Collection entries
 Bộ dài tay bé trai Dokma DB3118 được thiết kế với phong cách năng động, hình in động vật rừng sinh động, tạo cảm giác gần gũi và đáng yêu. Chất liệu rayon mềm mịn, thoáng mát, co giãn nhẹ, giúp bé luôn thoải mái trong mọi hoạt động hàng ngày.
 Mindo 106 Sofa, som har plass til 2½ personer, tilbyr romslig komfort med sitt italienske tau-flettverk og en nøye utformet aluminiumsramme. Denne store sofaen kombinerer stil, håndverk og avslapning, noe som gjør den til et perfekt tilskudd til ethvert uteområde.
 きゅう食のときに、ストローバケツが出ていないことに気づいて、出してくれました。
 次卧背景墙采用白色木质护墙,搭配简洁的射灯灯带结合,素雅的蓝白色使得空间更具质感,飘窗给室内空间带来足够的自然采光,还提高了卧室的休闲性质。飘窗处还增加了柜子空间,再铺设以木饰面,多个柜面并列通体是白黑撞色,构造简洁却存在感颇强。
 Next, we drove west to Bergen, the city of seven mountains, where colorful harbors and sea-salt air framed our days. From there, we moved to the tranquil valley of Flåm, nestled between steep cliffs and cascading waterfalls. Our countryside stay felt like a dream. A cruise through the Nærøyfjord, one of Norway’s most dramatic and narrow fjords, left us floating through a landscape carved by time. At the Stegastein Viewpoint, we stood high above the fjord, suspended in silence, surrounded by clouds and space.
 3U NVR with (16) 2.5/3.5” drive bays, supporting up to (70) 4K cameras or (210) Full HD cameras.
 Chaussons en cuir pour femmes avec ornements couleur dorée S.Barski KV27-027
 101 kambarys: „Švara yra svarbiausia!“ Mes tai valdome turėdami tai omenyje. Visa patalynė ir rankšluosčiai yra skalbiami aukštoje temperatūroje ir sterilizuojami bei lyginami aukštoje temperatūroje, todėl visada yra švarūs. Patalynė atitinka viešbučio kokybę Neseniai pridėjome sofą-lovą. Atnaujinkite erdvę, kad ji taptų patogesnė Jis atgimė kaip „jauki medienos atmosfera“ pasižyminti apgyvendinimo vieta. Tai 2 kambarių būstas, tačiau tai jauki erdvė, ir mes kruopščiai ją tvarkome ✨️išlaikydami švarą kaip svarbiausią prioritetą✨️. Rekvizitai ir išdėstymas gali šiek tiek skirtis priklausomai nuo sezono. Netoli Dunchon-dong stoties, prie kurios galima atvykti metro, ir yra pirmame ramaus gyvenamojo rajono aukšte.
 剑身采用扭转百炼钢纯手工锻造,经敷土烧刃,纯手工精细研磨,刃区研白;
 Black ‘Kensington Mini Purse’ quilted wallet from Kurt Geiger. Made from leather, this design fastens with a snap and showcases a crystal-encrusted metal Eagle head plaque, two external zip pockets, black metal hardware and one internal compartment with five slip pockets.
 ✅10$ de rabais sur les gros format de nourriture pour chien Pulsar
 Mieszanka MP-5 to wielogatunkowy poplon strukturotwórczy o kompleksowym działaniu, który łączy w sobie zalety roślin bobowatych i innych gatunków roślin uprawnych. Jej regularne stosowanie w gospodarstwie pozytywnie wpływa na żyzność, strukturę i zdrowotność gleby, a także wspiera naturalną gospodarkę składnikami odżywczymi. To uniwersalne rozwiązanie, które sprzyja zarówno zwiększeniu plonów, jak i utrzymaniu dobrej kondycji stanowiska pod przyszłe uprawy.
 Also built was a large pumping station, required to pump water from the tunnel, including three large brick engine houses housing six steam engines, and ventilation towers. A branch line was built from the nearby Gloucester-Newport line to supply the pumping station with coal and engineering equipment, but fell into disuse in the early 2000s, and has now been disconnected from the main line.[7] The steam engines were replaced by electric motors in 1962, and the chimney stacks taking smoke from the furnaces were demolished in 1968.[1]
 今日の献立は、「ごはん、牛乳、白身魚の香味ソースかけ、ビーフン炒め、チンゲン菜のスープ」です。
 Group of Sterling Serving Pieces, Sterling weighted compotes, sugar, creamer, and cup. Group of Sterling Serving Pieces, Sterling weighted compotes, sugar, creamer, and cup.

• **Work item**
Above are the records; repeat exactly the lines from the one holding "3U NVR with" down to the one holding "pour chien Pulsar", end lines included.

• **Reply**
 3U NVR with (16) 2.5/3.5” drive bays, supporting up to (70) 4K cameras or (210) Full HD cameras.
 Chaussons en cuir pour femmes avec ornements couleur dorée S.Barski KV27-027
 101 kambarys: „Švara yra svarbiausia!“ Mes tai valdome turėdami tai omenyje. Visa patalynė ir rankšluosčiai yra skalbiami aukštoje temperatūroje ir sterilizuojami bei lyginami aukštoje temperatūroje, todėl visada yra švarūs. Patalynė atitinka viešbučio kokybę Neseniai pridėjome sofą-lovą. Atnaujinkite erdvę, kad ji taptų patogesnė Jis atgimė kaip „jauki medienos atmosfera“ pasižyminti apgyvendinimo vieta. Tai 2 kambarių būstas, tačiau tai jauki erdvė, ir mes kruopščiai ją tvarkome ✨️išlaikydami švarą kaip svarbiausią prioritetą✨️. Rekvizitai ir išdėstymas gali šiek tiek skirtis priklausomai nuo sezono. Netoli Dunchon-dong stoties, prie kurios galima atvykti metro, ir yra pirmame ramaus gyvenamojo rajono aukšte.
 剑身采用扭转百炼钢纯手工锻造,经敷土烧刃,纯手工精细研磨,刃区研白;
 Black ‘Kensington Mini Purse’ quilted wallet from Kurt Geiger. Made from leather, this design fastens with a snap and showcases a crystal-encrusted metal Eagle head plaque, two external zip pockets, black metal hardware and one internal compartment with five slip pockets.
 ✅10$ de rabais sur les gros format de nourriture pour chien Pulsar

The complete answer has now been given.